Gebelik ve doğum sırasında genellikle yüksek strese neden olan fizyolojik, fonksiyonel, duygusal değişimlerin yanı sıra ilişkilerde ve yaşam tarzında da değişiklikler meydana gelir. Stres düzeylerinin çok yüksek olması rahme kan akışının azalmasına neden olarak düşük yapma, erken doğum ve diğer komplikasyonların daha sık görülmesine sebep olur ve anne-bebek sağlığını olumsuz biçimde etkileyebilir.

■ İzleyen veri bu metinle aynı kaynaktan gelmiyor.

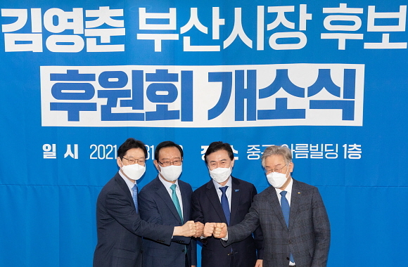 4.7 부산시장 보궐선거가 일주일 남짓 남은 31일, 김영춘 후보의 후원회 사무소가 이날 오후 개소한 가운데 이재명 경기도지사가 참석해 김영춘 후보에 힘을 실었다.
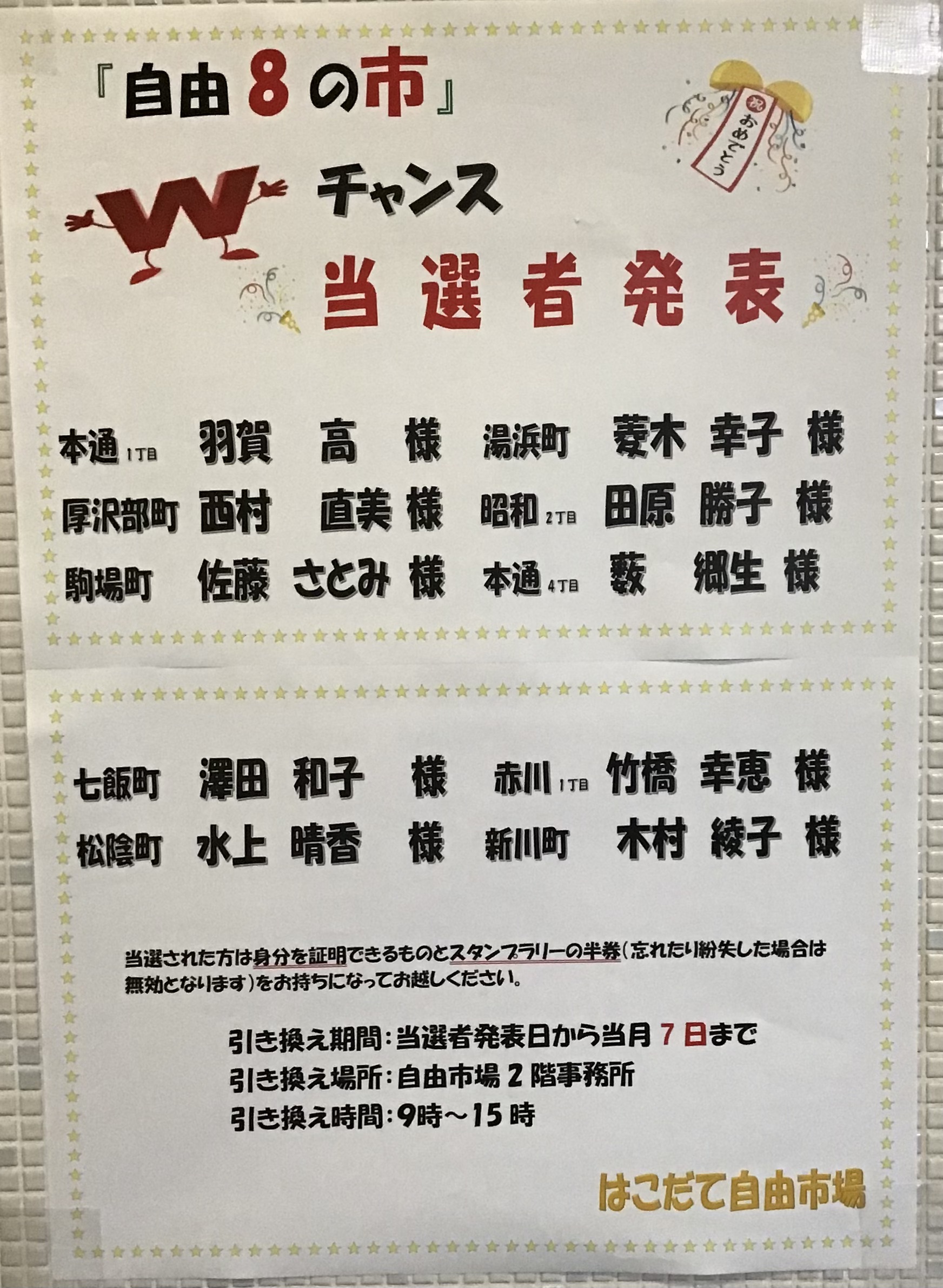 本日、自由8の市Wチャンス当選者発表‼️
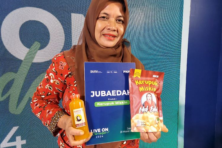 Jubaedah memegang produk Kerupuk Miskin dan jamu di sela-sela acara buka bersama PNM, Kamis (21/3/2024)
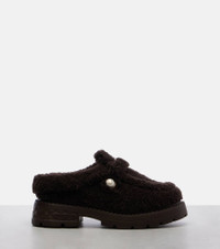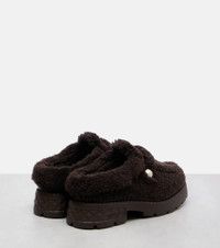 Slip into cozy sophistication with the Shea platform mules from Jimmy Choo. Crafted from plush shearling, this soft pair features a signature silver-toned detail and chunky rubber soles. Product Details - Upper: shearling - Lining: shearling - Sole: shearling insole, rubber sole - Toe shape: round toe - Made in Italy - Includes: shoe box, dust bag - Designer color name: Chocolate - Item color: brown - Hardware color: gold - Item number: P01109852 Size & Fit - True to size - European sizes - 3cm-1" platform (size EU 38) - 4,5cm-2" wedge heel (size EU 38)
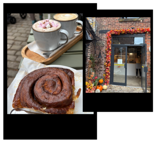 my mom and i went to visit a new cafe/bakery, it was super cozy and decked out for the spooky season / autumn. i order a hot chocolate and a cinnamon swirl bun!
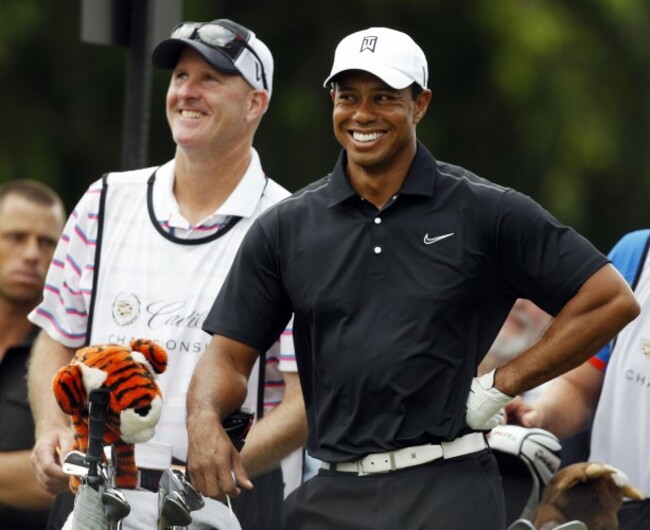 Tiger Woods shares a joke with caddie, Joe LeCava. / Lynne Sladky/AP/Press Association Images
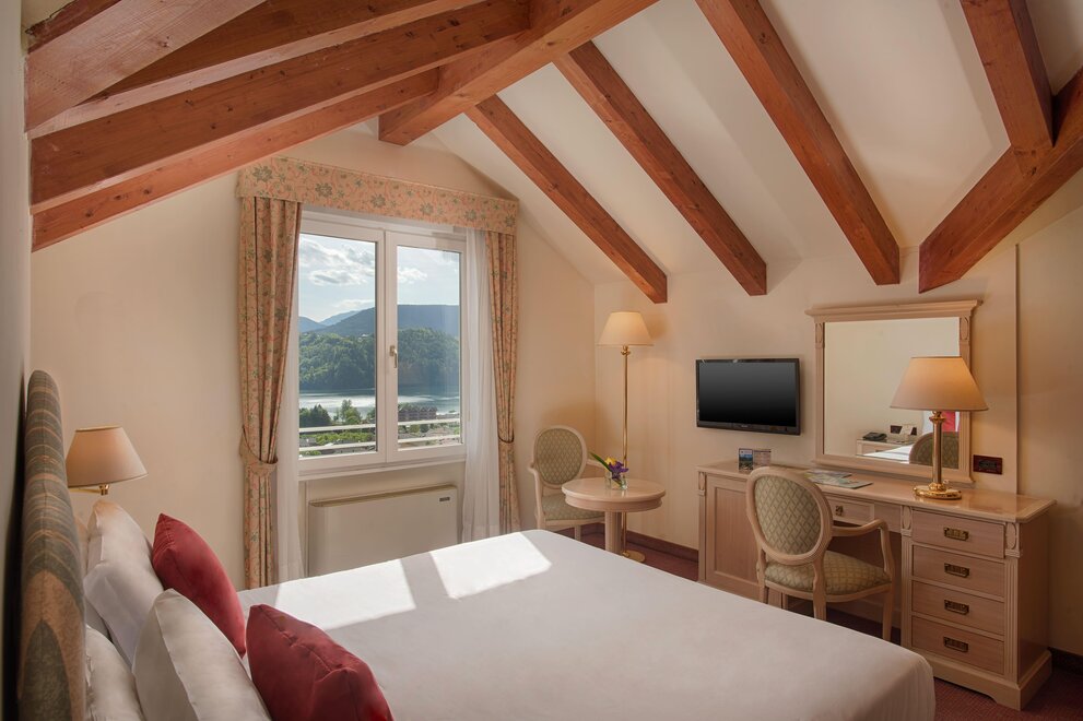Our Junior Suite is our most romantic room, measuring approximately 37 sqm with a 63 sqm balcony. Perfect for a couple's vacation, it features a wonderful balcony with a lake view, equipped with sun loungers and an umbrella: a gem for an unforgettable stay with your loved one. Renewed and elegant, it is the perfect room for a relaxing holiday: it goes beyond a simple room, it is rather an ideal space to experience moments of peace, joy, and tranquility. Included services: - air conditioning - spacious terrace of 63 sqm - access to our wellness center "Bellavita" - access to the heated swimming pool at 28° - access to the fitness center - garage
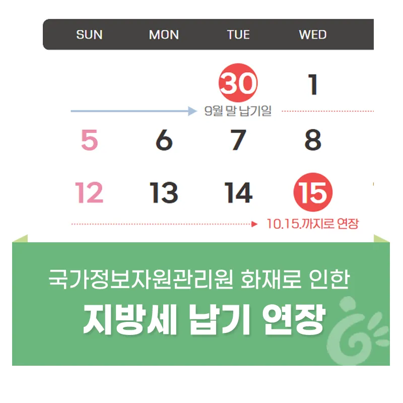 국가정보자원관리원 화재로 인해 아래와 같이 지방세 납기가 연장됨을 알려드립니다.
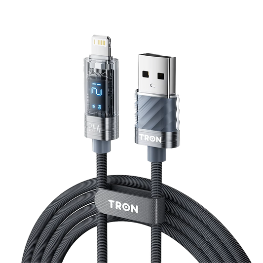2.4 A USB-A to Lightning Transparent Charging Cable With Digital Display | 5FT - TR99
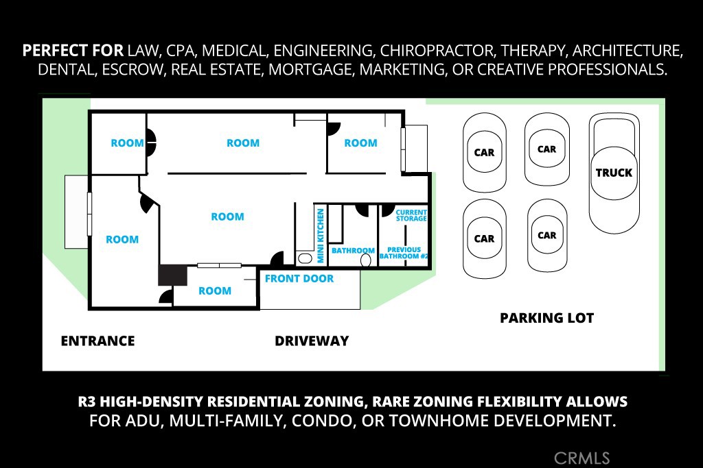 Currently configured as a permitted professional office space and zoned R3 High-Density Residential, allowing exceptional flexibility.

Masaj tedavisi, bir kadının doğum zamanını, daha az kaygı ve daha az fiziksel rahatsızlık yaşayarak beklemesine yardımcı olabilir. Belirli ağrıların hafifletilmesinden farklı olarak, doğum öncesi masaj genel bir rahatlatıcı görevi görebilir ve hamile annenin vücut farkındalığını artırabilir.
Masaj tedavisi ayak, bacak ya da ellerde rahatsızlık, ödem ve bel, pelvis veya kalçada ağrı gibi gebelikte görülen çeşitli fiziksel rahatsızlıkları giderebilir. İsveç masajı kalp fonksiyonunu ve plasenta ile meme bezi gelişimini destekleyip hücresel solunumu artırarak gebelik dönemini kolaylaştırabilir. Ayrıca ödemi azaltabilir, yüksek tansiyonu düşürebilir ve sinir sisteminin yatışmasına katkıda bulunabilir. Derin doku, tetik noktası ve hem aktif hem de pasif hareketler; rahim bağlarındaki gerginlik ile kötü duruştan kaynaklanan bel ve boyun ağrılarını azaltmak için, ağırlık taşıyan eklemler, kaslar ve fasyal dokular üzerindeki stresi hafifletir.

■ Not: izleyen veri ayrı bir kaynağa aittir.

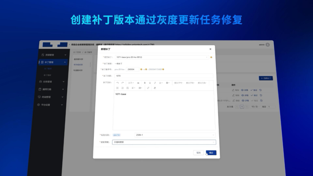 统信企业级更新管理系统作为面向政企客户内网环境部署的核心工具,不仅能支撑系统版本更新,还可应用于漏洞补丁修复等护网场景,成为保障系统高效运维的关键助力。
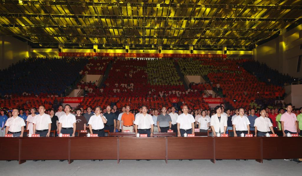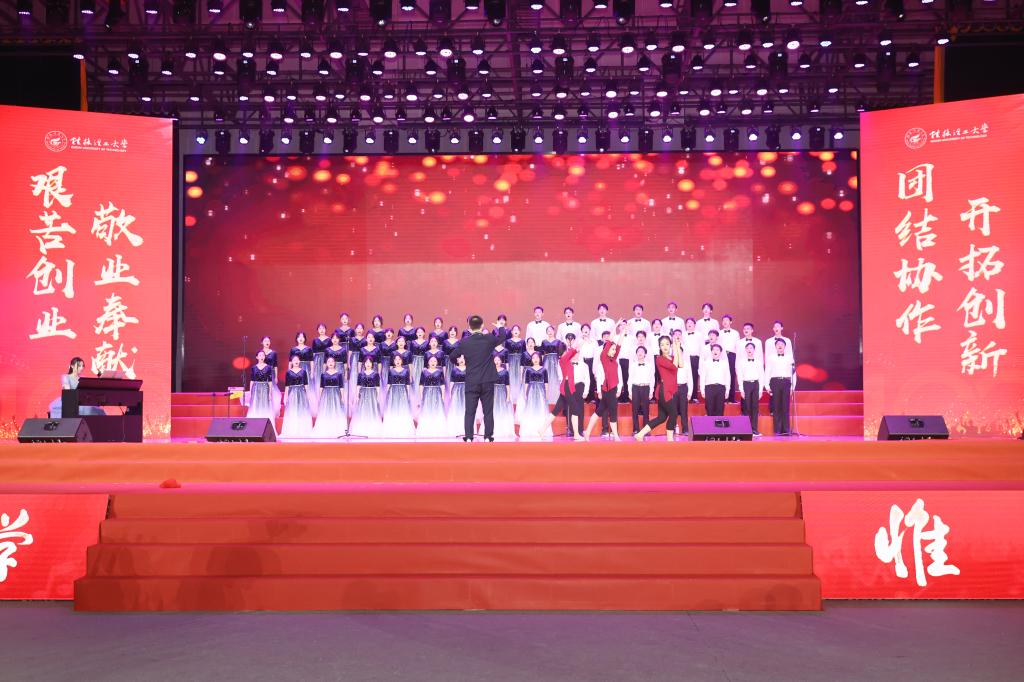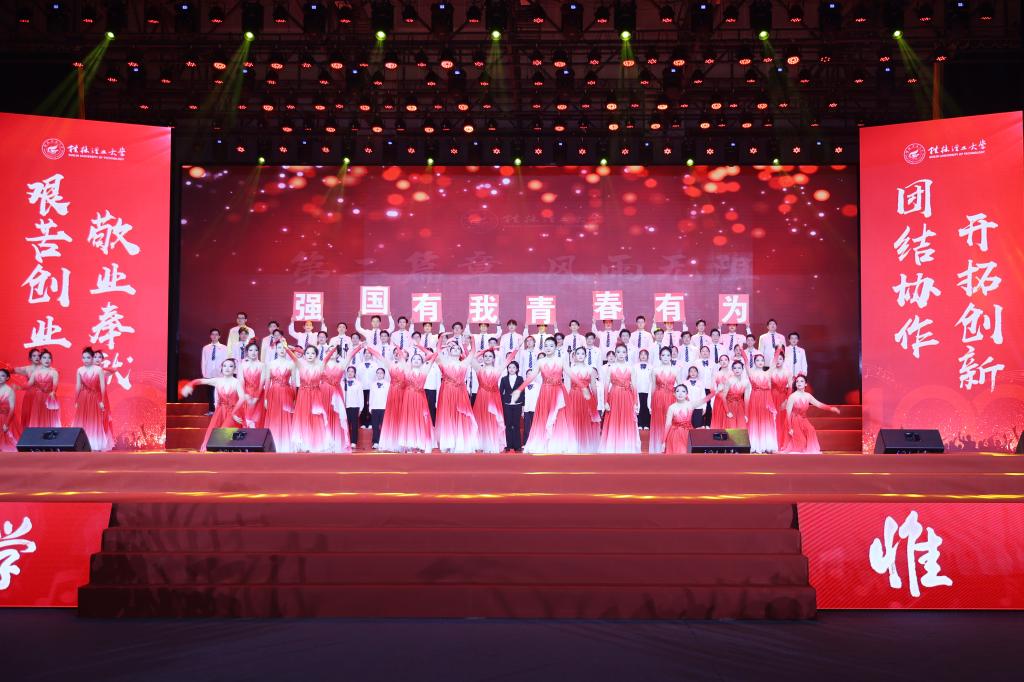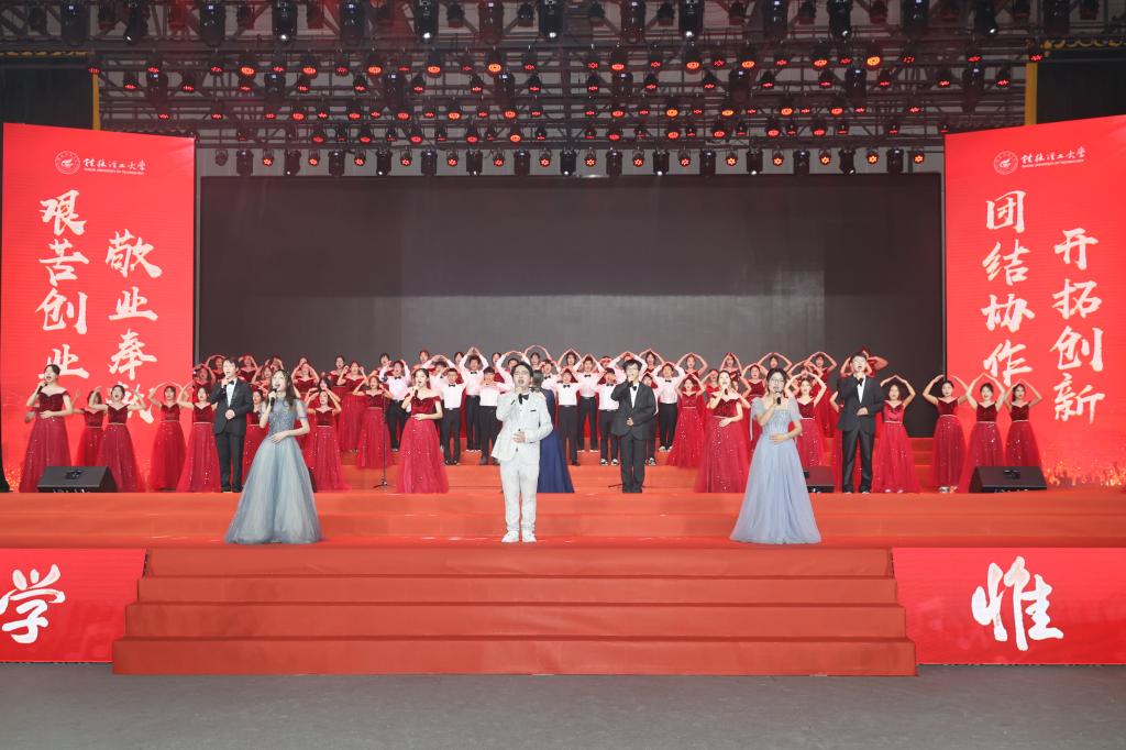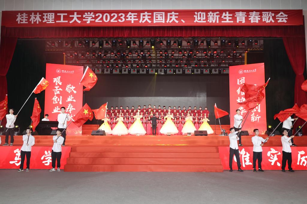 为热烈庆祝中华人民共和国成立74周年,欢迎2023级新同学的到来,9月27日晚,beat365官方网站2023年“歌声飘过一百年”庆国庆、迎新生青春歌会在雁山校区新体育馆举行。在家校领导邓军、王敦球、吴志强、王玫、韦学敏、曾繁荣,党委常委唐壮东、叶昊,校长助理张成龙出席晚会。学校相关部门、二级学院负责人、相关人员与2023级全体新生齐聚一堂,共庆佳节。

Doğum sırasında eşleri tarafından sırtına ve bacaklarına basit masaj hareketleri uygulanan kadınların doğumu daha kısa ve daha kolay geçer. Bebeğin doğumundan sonra, masaj terapisi vücudun gebelik öncesi durumuna yavaşça dönebilmesini kolaylaştırabilir, ağrıyı hafifletebilir, yenilenmiş bir vücut ve benlik algısını teşvik edebilir ve bebek bakımının getirdiği fiziksel strese rağmen esnekliği korumaya yardımcı olabilir. Sezaryen geçiren annelerde kullanılan spesifik masaj terapisi yöntemleri de skar doku oluşumunu azaltabilir, ayrıca kesi yerinin ve yakındaki yumuşak doku alanlarının iyileşmesini kolaylaştırabilir.